Stored records
BEGIN

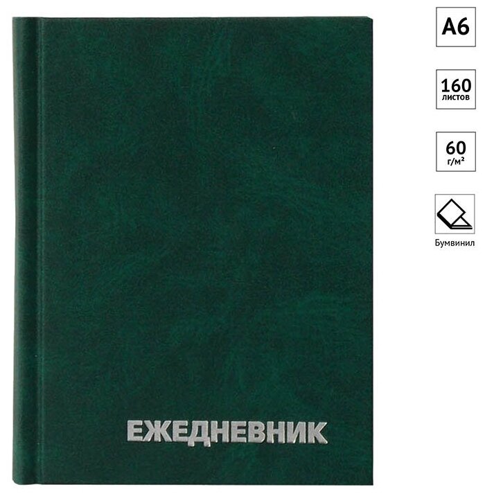 10 цен на Ежедневник недатированный А6 OfficeSpace (160 листов) обложка бумвинил, зеленая (Ен-БВ_1329)
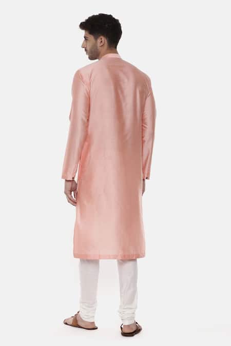 Buy_Mayank Modi - Men_Pink Silk Cotton Colorblock Kurta Set _Online_at_Aza_Fashions
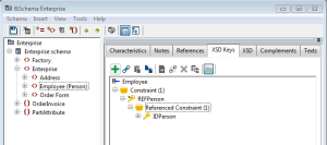 In the "Enterprise" schema, the "Employee" element defines a "REFPerson" secondary key. This key references the "IDPerson" primary key.
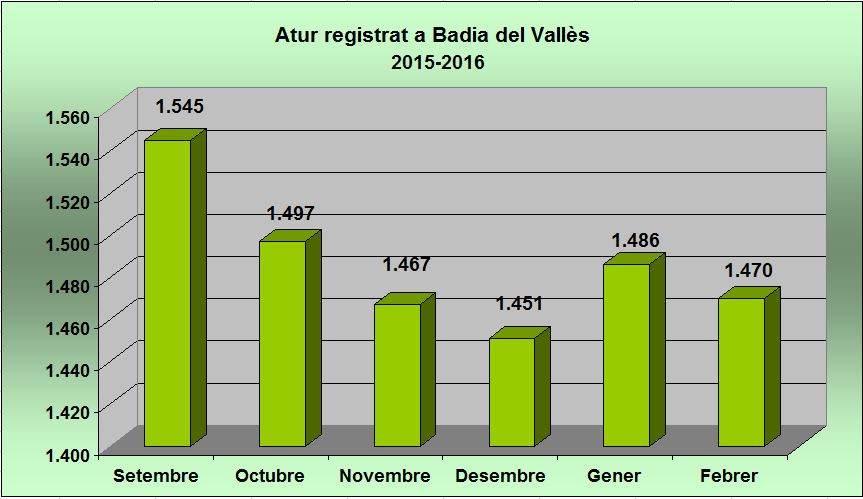 El passat mes de febrer l'atur a Badia del Vallès va baixar en 16 persones (-1,08%) fins a situar-se en les 1.470 persones registrades com a aturades al Servei d'Ocupació de Catalunya. Aquest descens és més pronunciat en termes interanuals: si comparem la xifra d'aturats/ades amb la del febrer de 2015, la davallada és del –9,82 %, 160 persones menys que respecte ara fa un any.
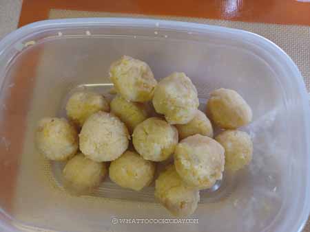 The left soft mung bean cakes were cooked on the stove and the right were baked in the oven. The one baked in the oven are actually nicer in texture IMHO. It’s softer and airier versus the one baked on the stove. The color of the ones baked in the oven are also more even. But they are both nice!
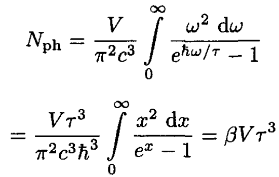Note that this result is the same as for an ultrarelativistic electron gas (which has the same dispersion law E = pc). The total number of photons is given by
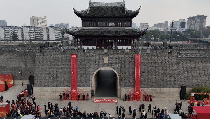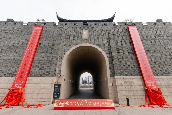 活动最后,嘉宾们同启红绸,巨幅楹联正式亮相。至此,阊门、胥门、盘门、平门、娄门、齐门、金门、蛇门连同相门,苏州九大城门的喜庆楹联全部揭开了神秘面纱。古老的城墙之上,崭新的红联与斑驳的砖石交相辉映、相得益彰。

END

*Action item*. Only the lines from the line containing "Buy_Mayank Modi - Men_Pink" through the last line of the entries above should be reproduced, word for word and without pictures.

*Exercise solution*.
 Buy_Mayank Modi - Men_Pink Silk Cotton Colorblock Kurta Set _Online_at_Aza_Fashions
 In the "Enterprise" schema, the "Employee" element defines a "REFPerson" secondary key. This key references the "IDPerson" primary key.
 El passat mes de febrer l'atur a Badia del Vallès va baixar en 16 persones (-1,08%) fins a situar-se en les 1.470 persones registrades com a aturades al Servei d'Ocupació de Catalunya. Aquest descens és més pronunciat en termes interanuals: si comparem la xifra d'aturats/ades amb la del febrer de 2015, la davallada és del –9,82 %, 160 persones menys que respecte ara fa un any.
 The left soft mung bean cakes were cooked on the stove and the right were baked in the oven. The one baked in the oven are actually nicer in texture IMHO. It’s softer and airier versus the one baked on the stove. The color of the ones baked in the oven are also more even. But they are both nice!
Note that this result is the same as for an ultrarelativistic electron gas (which has the same dispersion law E = pc). The total number of photons is given by
 活动最后,嘉宾们同启红绸,巨幅楹联正式亮相。至此,阊门、胥门、盘门、平门、娄门、齐门、金门、蛇门连同相门,苏州九大城门的喜庆楹联全部揭开了神秘面纱。古老的城墙之上,崭新的红联与斑驳的砖石交相辉映、相得益彰。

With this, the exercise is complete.